Totonha also told us stories about Jesus Christ
and his travels with his apostles. In one story Jesus arrived at a farm to
sleep the night there with his companions. The owners were desperately poor.
They didn't have so much as a crumb to give the guests. Jesus sent Peter to
fetch the bag with the provisions.
"Master," Peter said, "the bag
is empty."
"Man of little faith, go and look
again."
Peter knew that when he had put the bag down
there was nothing in it. But when he looked he found flour and meat.

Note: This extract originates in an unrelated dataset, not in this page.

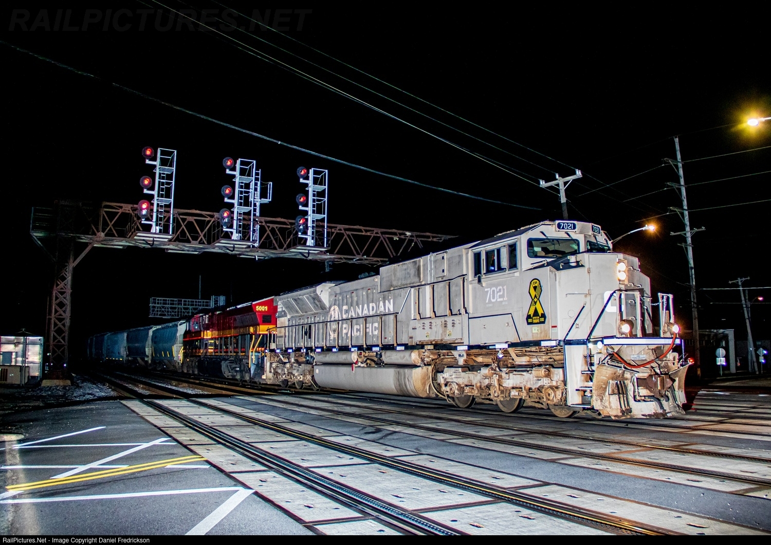 CP 7021, CPKC's "Army Arid" commemorative SD70ACU, arrives in Franklin Park, IL with train 3-231 from Canada, nearing its journey's completion at Bensenville Yard just ahead.

In these stories Saint Peter was a man who only
believed in what his eyes saw, and he was constantly being rebuked by Our Lord.
Totonha knew a poem about the shipwreck of the
'Baía' off the coast of
Pernambuco. A survivor was telling the story of what she saw of the disaster.
'Oh, day of judgment!
Oh, day of horror!
Only the stones don't weep
Because they feel no pain....
Oh, sailors and masters,
Pilots and captains,
See our precious Baía
Sinking, sinking away.'
Each and every detail was recounted in these
verses: children wailing, holding onto their mothers for dear life; the cry of
people dying, water entering the ship; an old lady in the water holding on to a
hen cage, a rich man called Pataca-Lisa, running back to his cabin to fetch a
bag of money, and never returning: he went to the bottom with his money. The
whole poem was a wealth of detail. And with Totonha's quivering voice we felt
we were as good as at the scene of the tragedy.
The gloomy tale gave me the shivers. I was
certain that I would be too afraid ever to set foot on a boat, such was my
horror at the shipwreck of the poor Baía. After she left
our plantation Miss Totonha left for other plantations, and I awaited her
return with eagerness, looking forward to hearing more new stories. The old
woman possessed a genius that never aged.